▶ _Supplied material_:
————

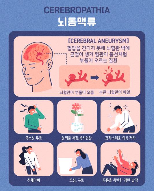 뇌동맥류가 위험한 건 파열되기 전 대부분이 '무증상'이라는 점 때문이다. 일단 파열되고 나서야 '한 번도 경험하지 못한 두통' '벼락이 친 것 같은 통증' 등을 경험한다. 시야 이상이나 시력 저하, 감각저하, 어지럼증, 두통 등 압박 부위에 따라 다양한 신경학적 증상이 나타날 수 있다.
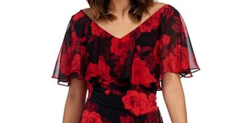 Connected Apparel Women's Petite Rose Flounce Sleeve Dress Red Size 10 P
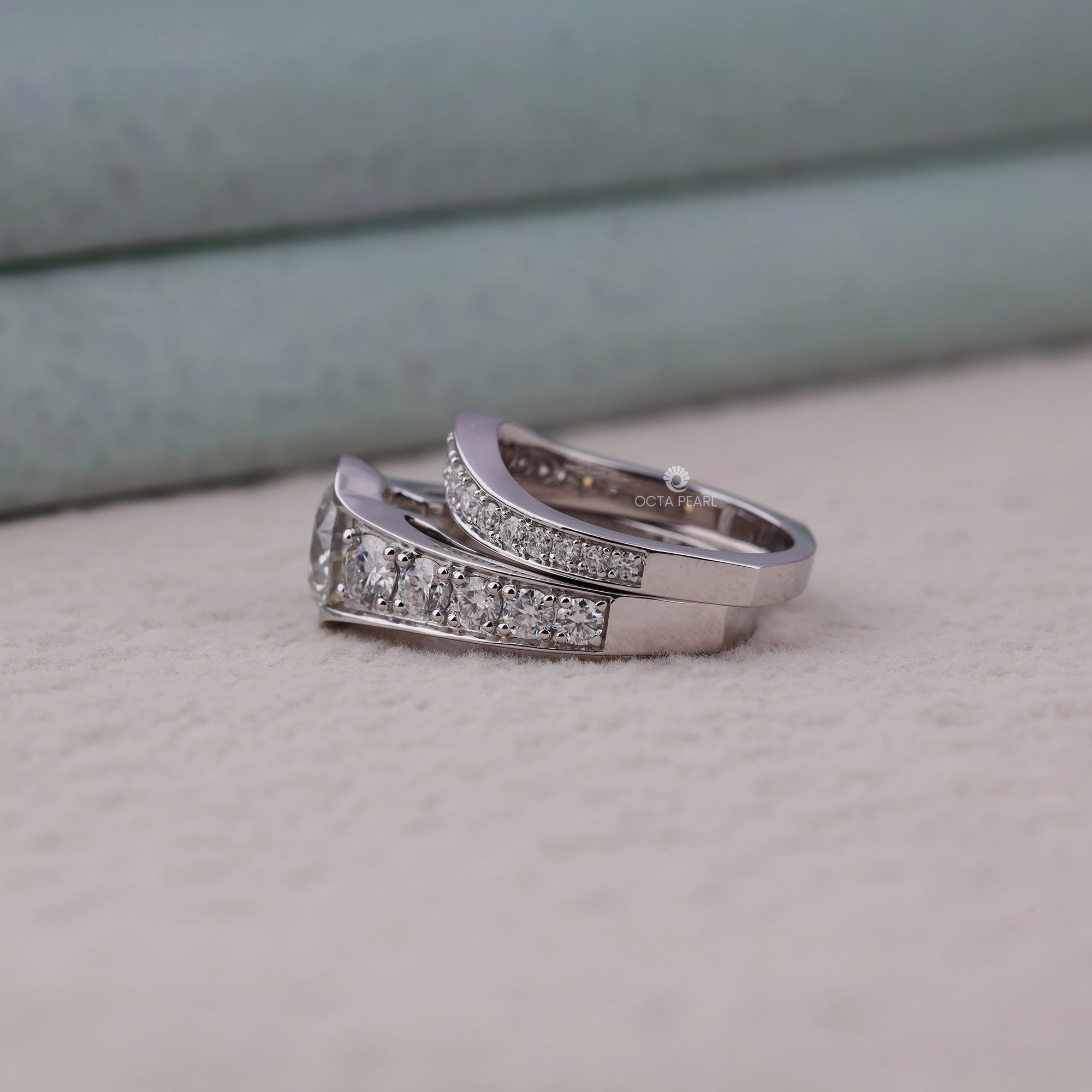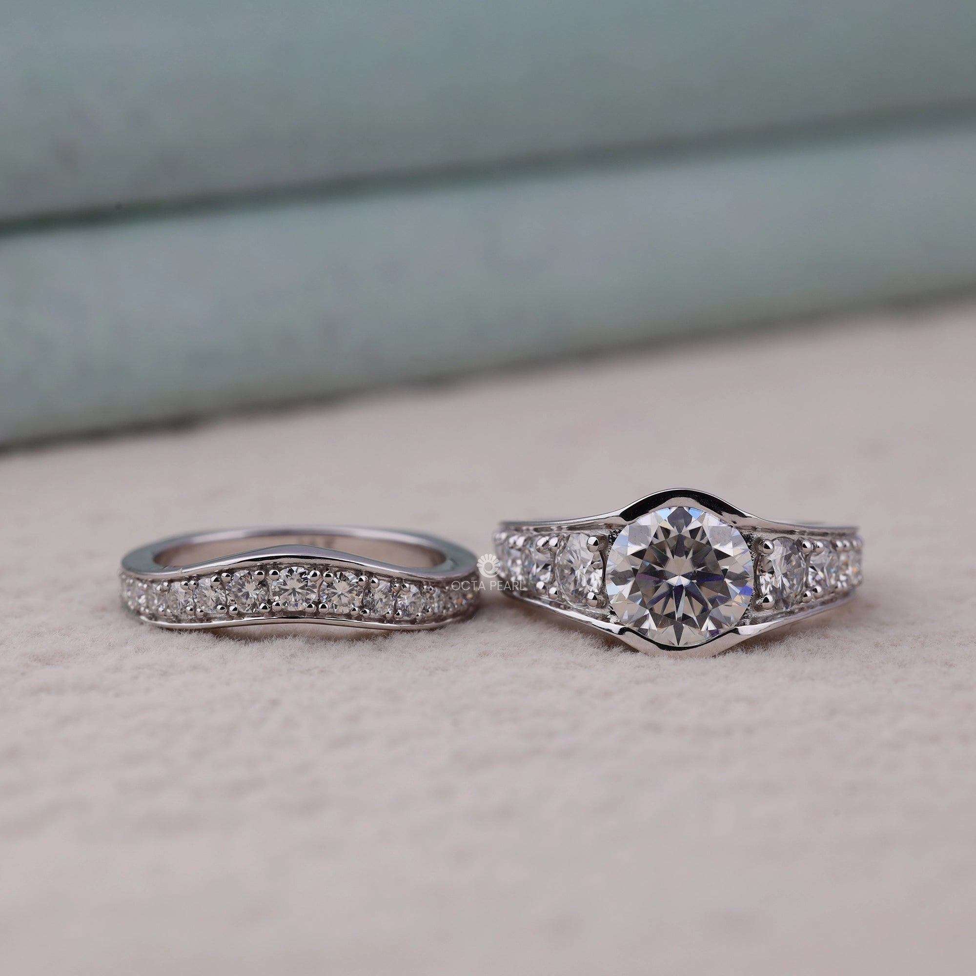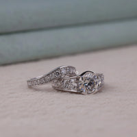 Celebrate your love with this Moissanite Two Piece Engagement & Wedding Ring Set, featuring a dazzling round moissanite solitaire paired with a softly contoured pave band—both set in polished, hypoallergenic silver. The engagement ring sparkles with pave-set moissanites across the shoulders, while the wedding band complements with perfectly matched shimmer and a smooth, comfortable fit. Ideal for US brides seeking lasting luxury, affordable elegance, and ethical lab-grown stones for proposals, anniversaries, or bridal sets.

————

▶ _Work to complete_:
Omit every picture while printing the data word for word.

▶ _Exercise answer_:
 뇌동맥류가 위험한 건 파열되기 전 대부분이 '무증상'이라는 점 때문이다. 일단 파열되고 나서야 '한 번도 경험하지 못한 두통' '벼락이 친 것 같은 통증' 등을 경험한다. 시야 이상이나 시력 저하, 감각저하, 어지럼증, 두통 등 압박 부위에 따라 다양한 신경학적 증상이 나타날 수 있다.
 Connected Apparel Women's Petite Rose Flounce Sleeve Dress Red Size 10 P
 Celebrate your love with this Moissanite Two Piece Engagement & Wedding Ring Set, featuring a dazzling round moissanite solitaire paired with a softly contoured pave band—both set in polished, hypoallergenic silver. The engagement ring sparkles with pave-set moissanites across the shoulders, while the wedding band complements with perfectly matched shimmer and a smooth, comfortable fit. Ideal for US brides seeking lasting luxury, affordable elegance, and ethical lab-grown stones for proposals, anniversaries, or bridal sets.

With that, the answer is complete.